In the study, we tried to examine the relationship of interest rate with other macroeconomic latent variables/constructs using Partial Least Squares (PLS), where Inflation, Interest rate, Output gap, foreign trade and Exchange rate were assumed to be independent variables that determine interest rates. Any changes of the value of these latent variables are likely to be reflected by various outcomes (indicators).
Use of the PLS method has been increasing in recent years because of its ability to model latent constructs that are uncontaminated by measurement error under conditions of nonnormality and with small to medium sample sizes. The PLS is useful for testing complex models with multiple variables and is particularly beneficial when the relationship among the variables cannot be captured using a single regression equation. The path diagram of the PLS model is given in Figure 1.
The analysis of the path model shows that both the measurement model and structural model fulfilled an acceptable model fit criterion as measured by various tests.
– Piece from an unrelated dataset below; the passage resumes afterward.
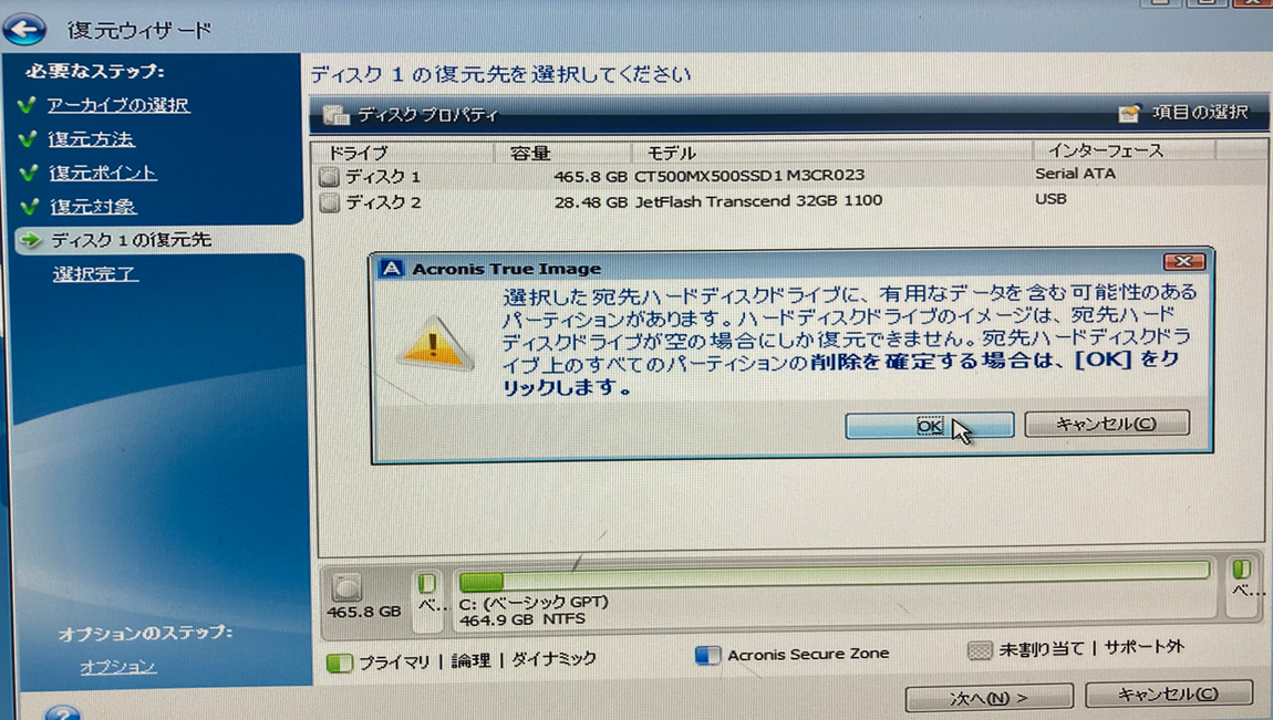 復元先メディアに既にデータが入っている場合、以下の警告が表示されるので上書きして問題なければOKを選択

The t-value of the path coefficients validated the significance of the structural model. Significance levels of all indicator loadings and path coefficients were less than 0.01 and accordingly the strength of the relationship between interest rate and other variables were tested and found to be highly significant. It was found that all indicators used to explain the interest rate changes were useful as evident from their statistical measures. Another interesting observation was that the WPI based inflation measure had a much higher impact compared to the CPI measured inflation measure as WPI is the most widely used inflation indicator in India.